No pictures belong in the copy. Retype exactly, and only, the stretch of lines below from the one with "Spray the window" through the one with "年底市场波动可能变大,想稳健".

Data provided:
▽

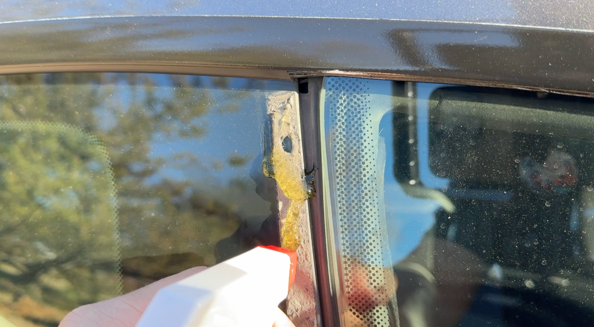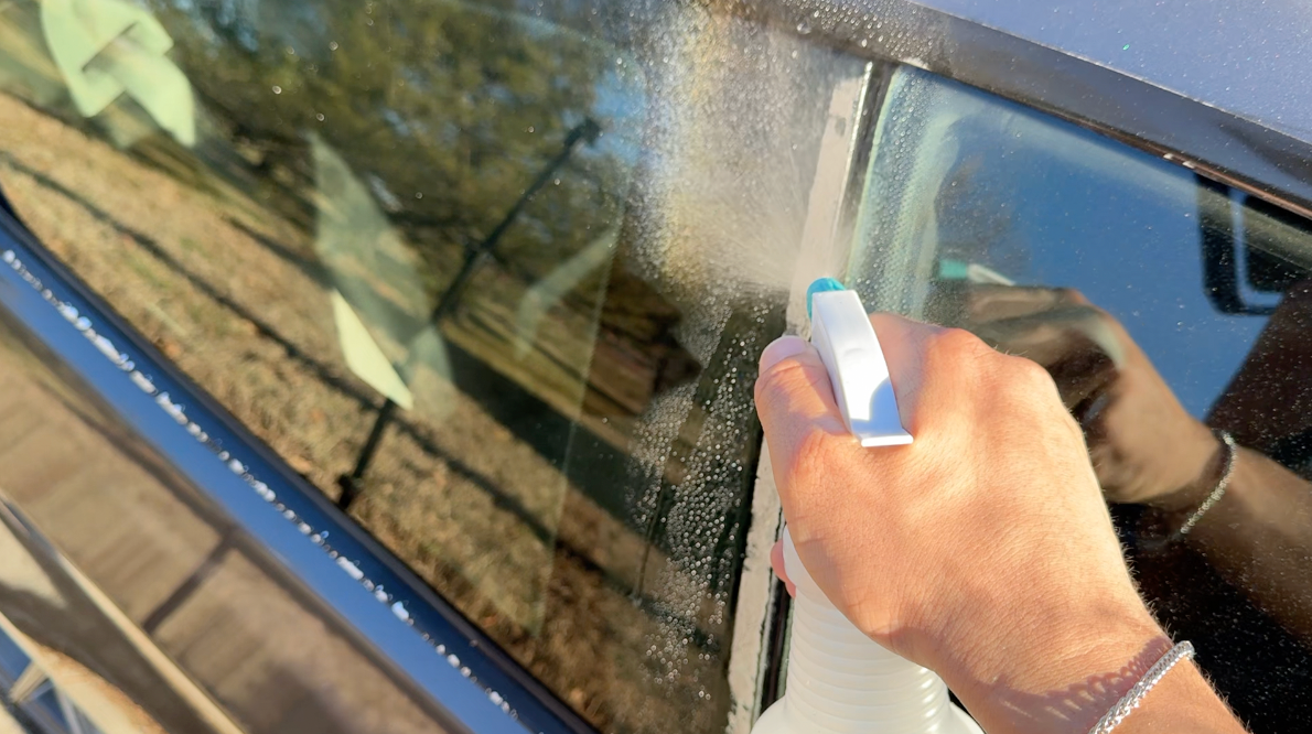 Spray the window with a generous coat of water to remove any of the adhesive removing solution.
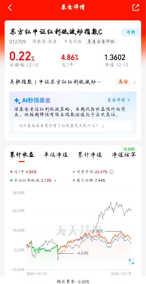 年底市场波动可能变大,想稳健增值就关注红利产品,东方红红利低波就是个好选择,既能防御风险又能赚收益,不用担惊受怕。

△
▽

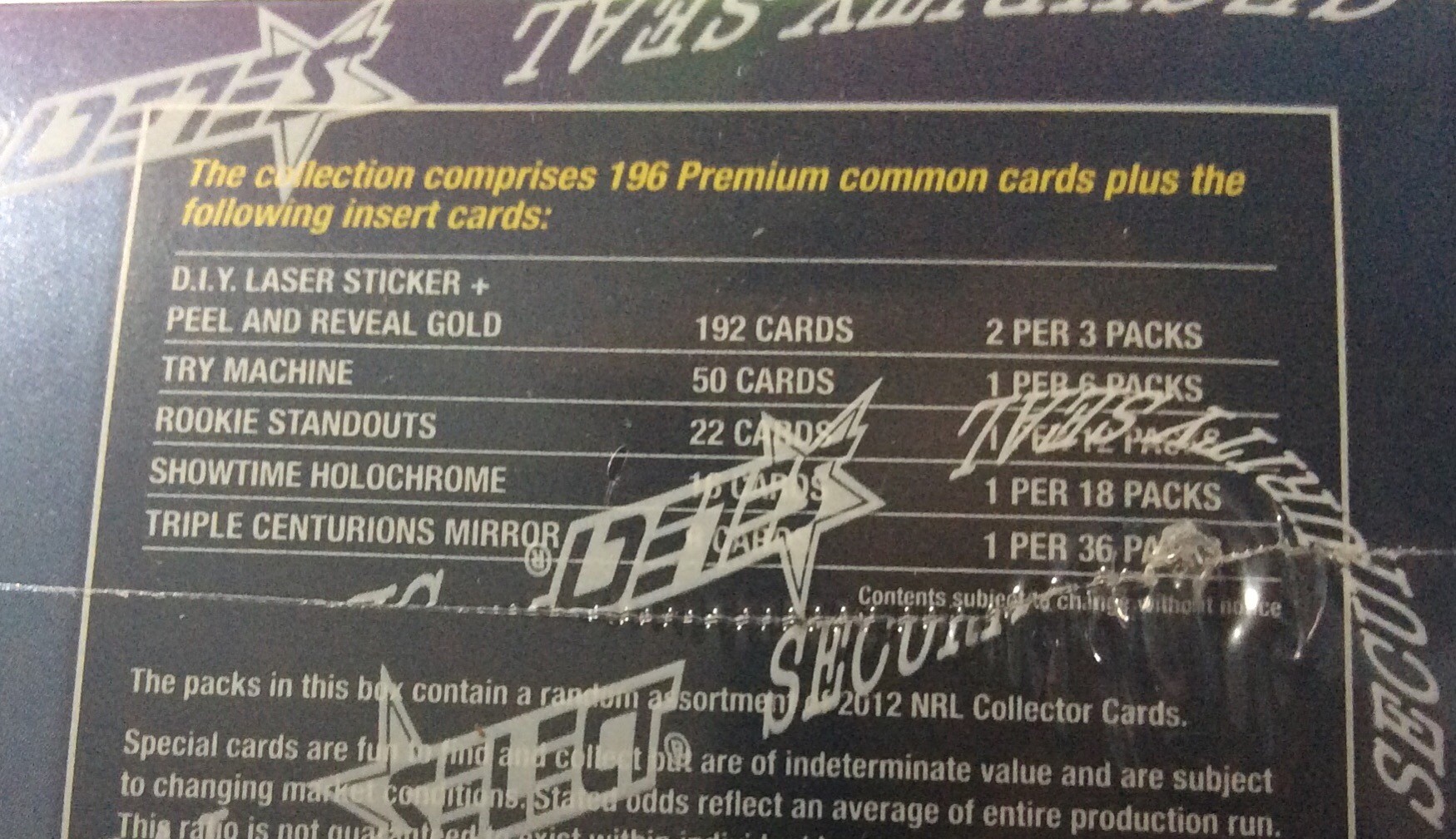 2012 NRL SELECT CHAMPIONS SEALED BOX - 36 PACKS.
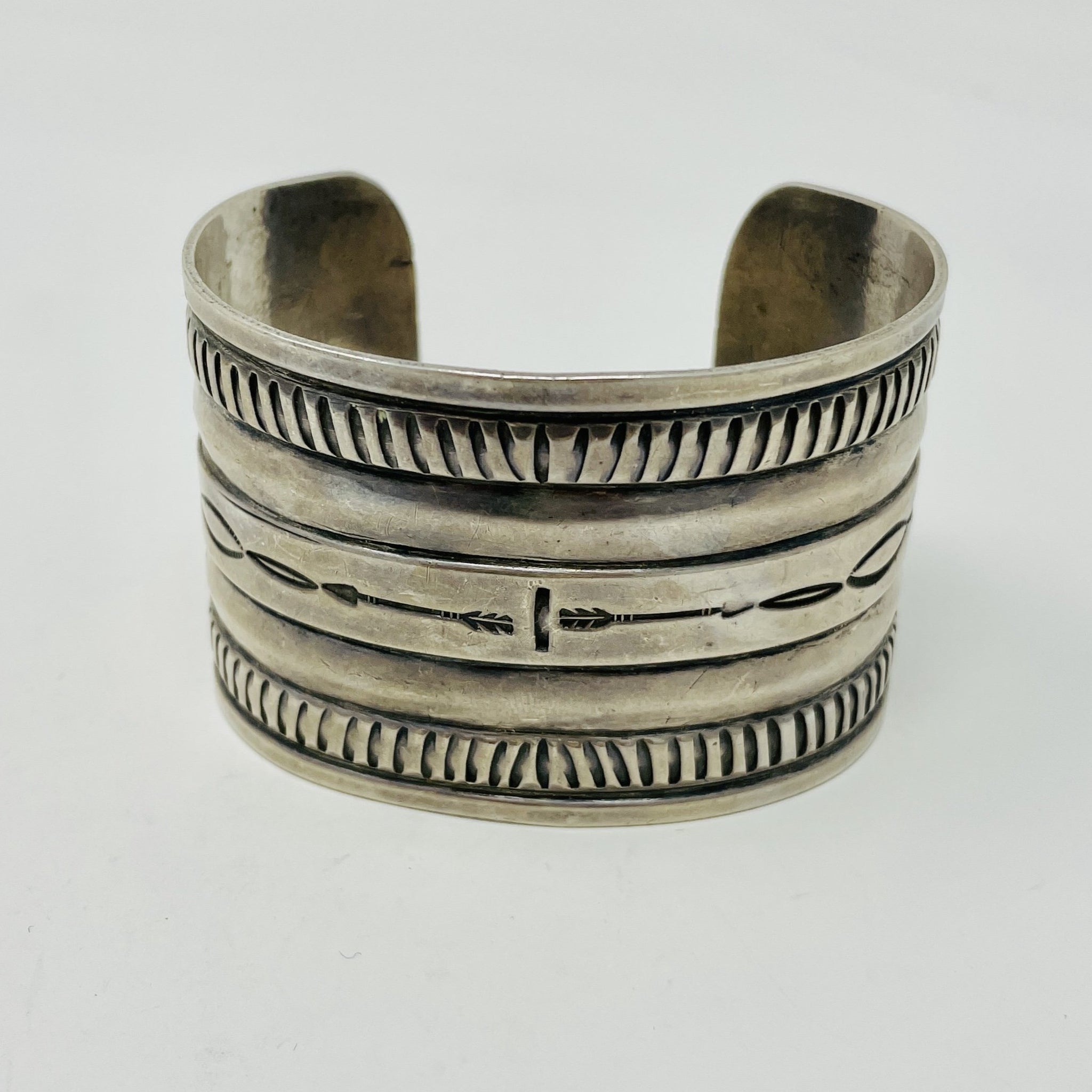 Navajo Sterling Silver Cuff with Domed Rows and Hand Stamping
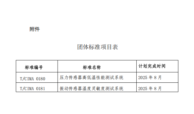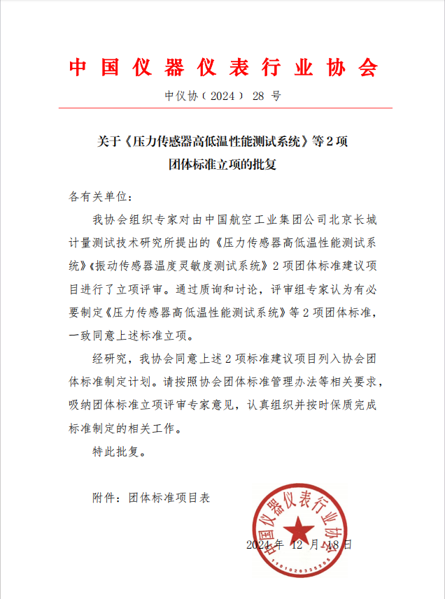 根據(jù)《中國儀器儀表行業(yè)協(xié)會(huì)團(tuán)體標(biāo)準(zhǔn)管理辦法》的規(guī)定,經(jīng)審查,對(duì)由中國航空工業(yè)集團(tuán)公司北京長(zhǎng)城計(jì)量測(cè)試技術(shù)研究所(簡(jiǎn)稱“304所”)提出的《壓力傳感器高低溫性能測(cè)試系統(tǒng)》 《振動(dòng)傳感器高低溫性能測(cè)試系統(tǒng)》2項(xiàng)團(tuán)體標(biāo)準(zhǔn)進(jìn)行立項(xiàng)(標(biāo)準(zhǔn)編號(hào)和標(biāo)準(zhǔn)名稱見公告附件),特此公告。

△
▽

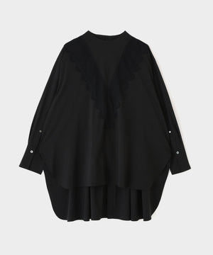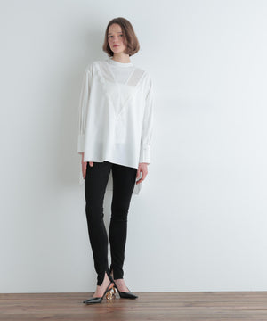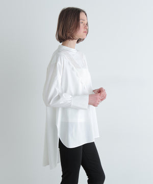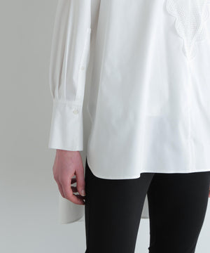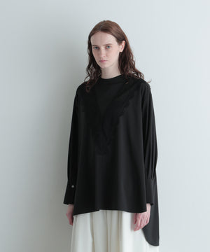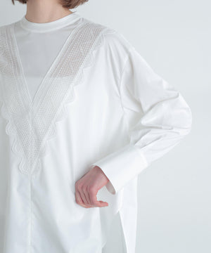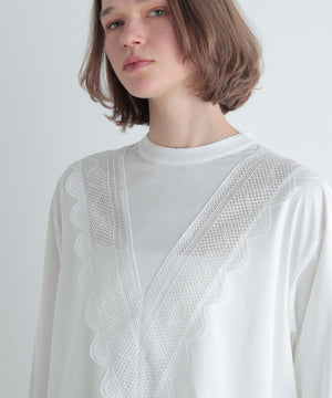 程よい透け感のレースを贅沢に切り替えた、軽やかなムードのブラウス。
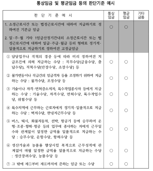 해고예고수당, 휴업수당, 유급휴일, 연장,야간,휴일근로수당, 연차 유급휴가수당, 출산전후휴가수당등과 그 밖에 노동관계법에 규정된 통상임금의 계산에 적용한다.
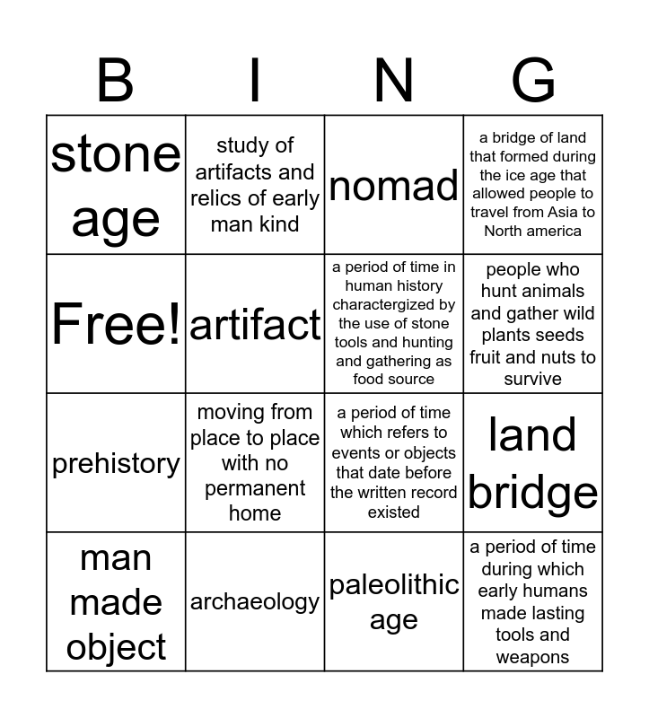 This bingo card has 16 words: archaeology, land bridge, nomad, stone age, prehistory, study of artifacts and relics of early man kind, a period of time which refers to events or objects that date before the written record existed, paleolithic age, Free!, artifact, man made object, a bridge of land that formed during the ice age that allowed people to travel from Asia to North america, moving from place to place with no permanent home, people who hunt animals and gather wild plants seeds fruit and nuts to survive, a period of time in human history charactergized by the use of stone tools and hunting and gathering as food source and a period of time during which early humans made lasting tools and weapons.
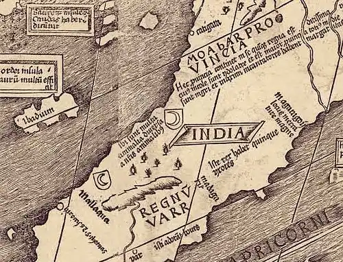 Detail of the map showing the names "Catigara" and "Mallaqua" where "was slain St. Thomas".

△

Solved exercise:
 Spray the window with a generous coat of water to remove any of the adhesive removing solution.
 年底市场波动可能变大,想稳健增值就关注红利产品,东方红红利低波就是个好选择,既能防御风险又能赚收益,不用担惊受怕。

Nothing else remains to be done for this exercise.